Between planet and Party, China’s decarbonized future is hazier than ever

Science & Health

As Europe burns and China swelters through a merciless summer, the Paris climate goals are a distant mirage. Determined to double China’s GDP by 2035 and overtake the U.S., it seems impossible that Xi Jinping can meet both his political and environmental commitments.

Illustration for The China Project by Derek Zheng

In its most dire assessment yet, in April the Intergovernmental Panel on Climate Change (IPCC) told us that “it’s now or never.” Only “rapid, deep and immediate” cuts in carbon dioxide (CO2) emissions can prevent runaway global warming and the collapse of civilization.

To keep global warming below 1.5°C, no more than 500 billion tons of CO2 can be emitted beyond 2020, equivalent to little more than a decade of global emissions at current rates. Achieving the 1.5°C Paris goal means that coal use must decline by 95% by 2050, oil by 60%, and gas by 45%. The decreases required to limit warming to 2°C are not much different. Under all scenarios, no more fossil-fuel power plants can be built and most existing ones must be decommissioned.

The IPCC message is clear: “Any further delay in concerted anticipatory global action will miss a brief window of opportunity to secure a livable planet and sustainable future for all.”

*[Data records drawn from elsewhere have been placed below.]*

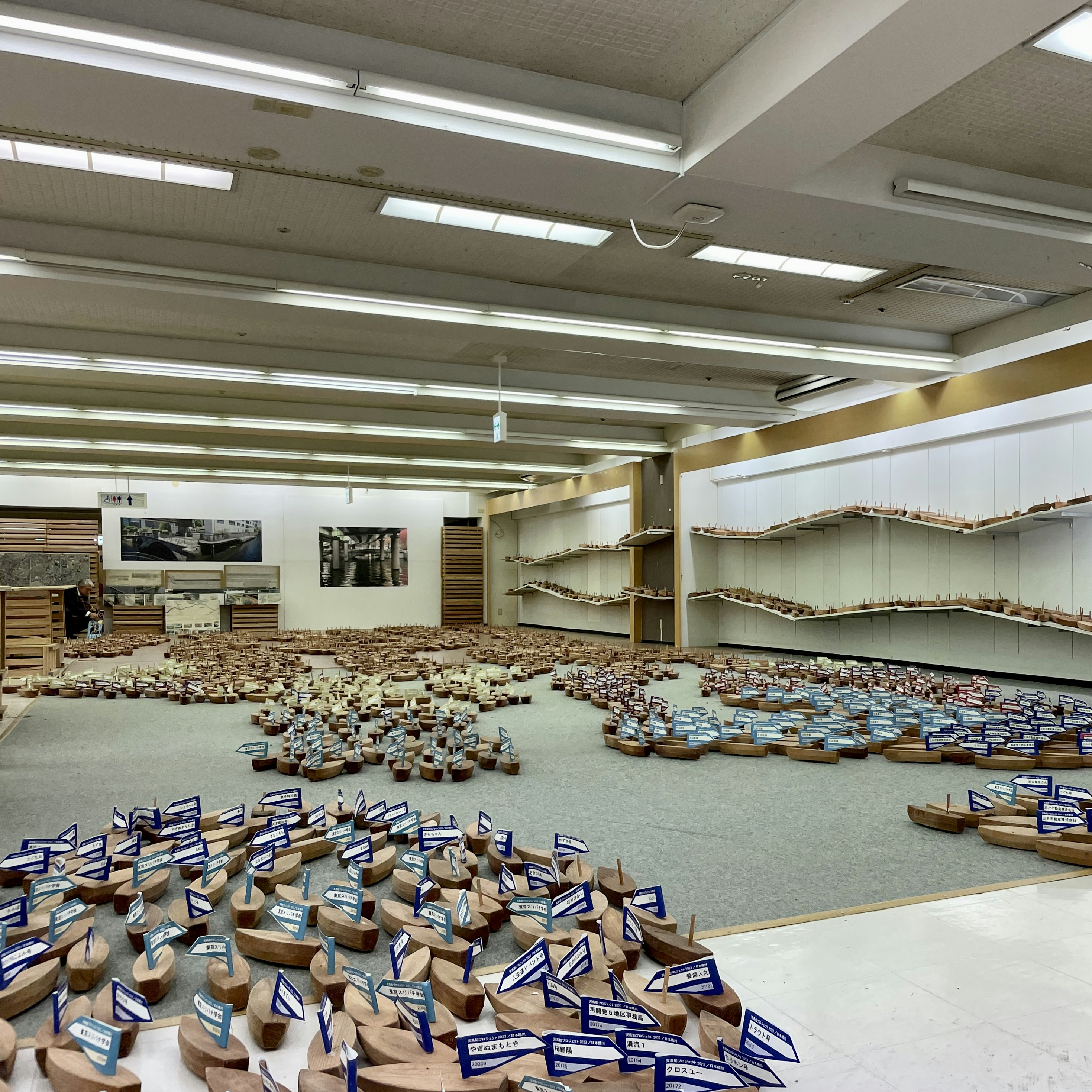 また、エトワール海渡のリビング館の2階ではコミュニティアートプロジェクト「天馬船プロジェクト2023/日本橋川」が紹介。木造のミニ天馬船を日本橋川に1万艘浮かべるこのプロジェクトは、参加者が1口1000円の寄付金でミニ天馬船のフラッグに自分の名前を登録することができる。10月29日には、これらのミニ天馬船を常磐橋から日本橋の区間で流すレースが行われ、またすべての寄付金は川辺の活性化や浄化活動のために使われるという。
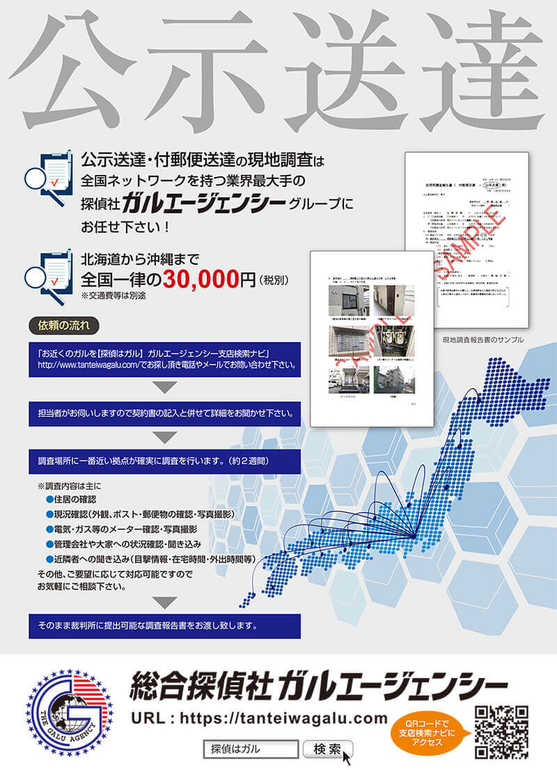 ガルエージェンシーでは士業様に向けた公示送達や付郵便送達に必要となる現地調査サービスを全国統一の33,000円(税込み)でご案内しております。
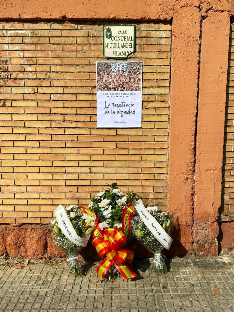 En Castilleja de la Cuesta hemos homenajeado a Miguel Ángel Blanco, concejal vasco de Ermua secuestrado y asesinado por ETA. Gracias a los amigos de @Aapsp2018 por mantener viva la memoria de quien defendió a España con la palabra, frente a los tiros en la nuca y las bombas.
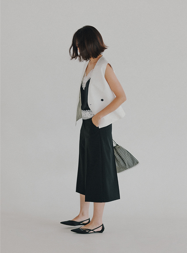 - ブラックとホワイトのバイカラーが甘くなり過ぎず、モードな印象に。
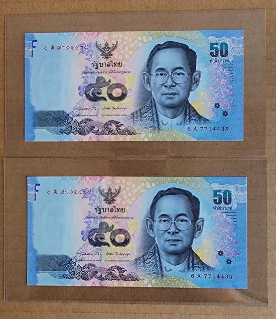 ให้จริง ธนบัตร ๕๐ บาท แบบ 16 (เลขเรียงติดกัน) จำนวน 2 ใบ สภาพใหม่ไม่ผ่านการใช้งานมาพร้อมพลาสติกใสครับ |
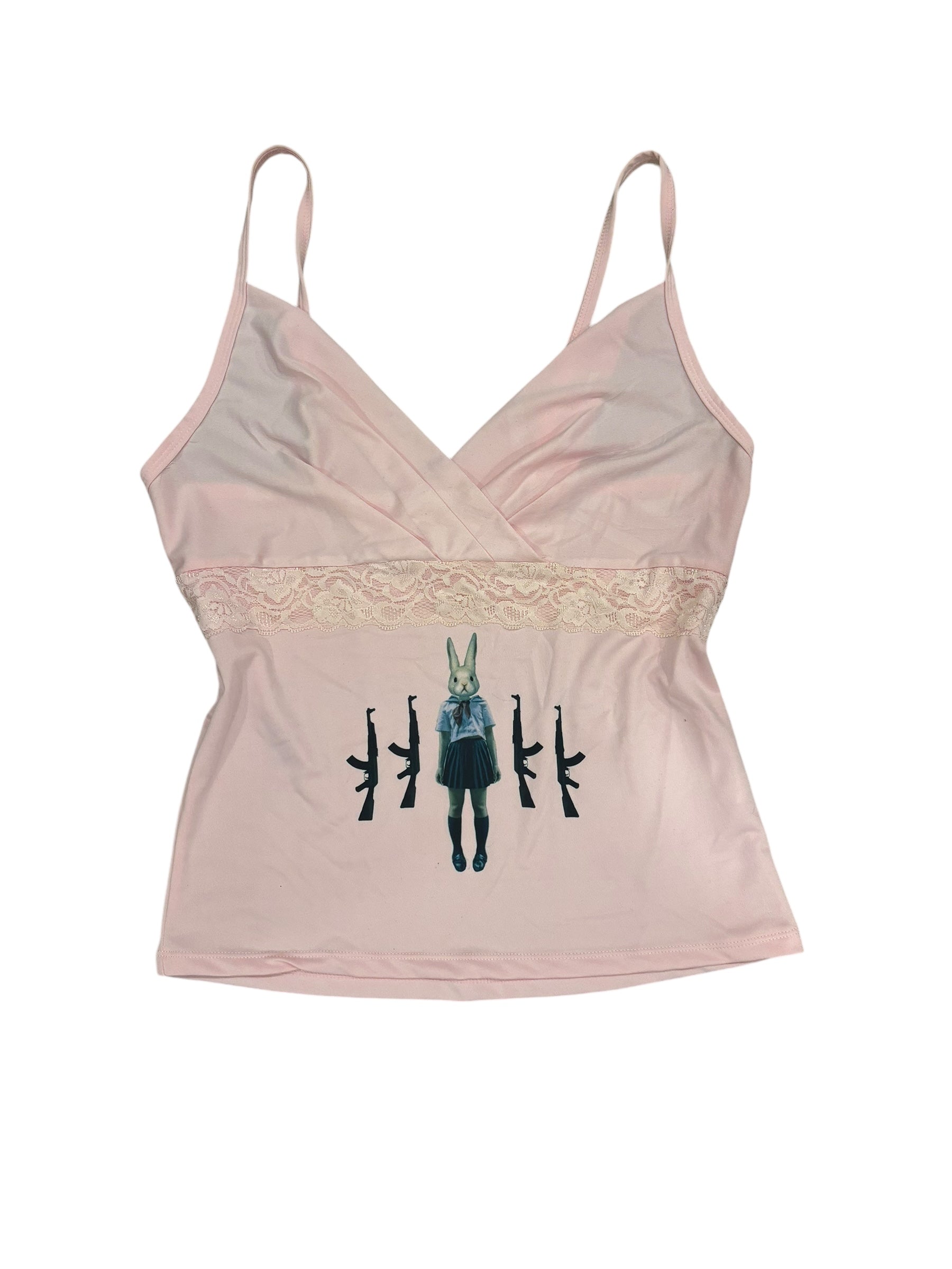 Kill bunny tank in pink!! Fits a S/M best!! Made of super stretchy poly material with lace details!!

Prioritizing economic growth over emissions suppression

Most leading industrial nations have reduced their emissions to some degree. U.S. emissions in 2020 were down 14% from their peak in 2005; EU emissions were down 32% from their peak in 1981; Japan’s have dropped 14% from their peak in 2013. Yet these declines are still insufficient to meet Paris obligations that, in themselves, are already insufficient to keep the rise below 1.5°C, or even 2.0°C, degrees. By contrast, China’s emissions increased relentlessly, more than quadrupling from 1990 to 2020. China now emits more than twice as much as the United States, with a GDP just two-thirds as large. In the first half of 2021, rebounding from the first wave of COVID, China’s CO2 emissions rose past pre-pandemic levels with an all-time-high 20% increase in the second quarter before dropping back during the first half of 2022 as the real-estate sector collapsed. Omicron lockdowns, and drought-induced hydropower reductions, have reduced economic growth to near zero. With the loss of hydropower, Beijing has little choice but to go back to coal for reliable electricity generation.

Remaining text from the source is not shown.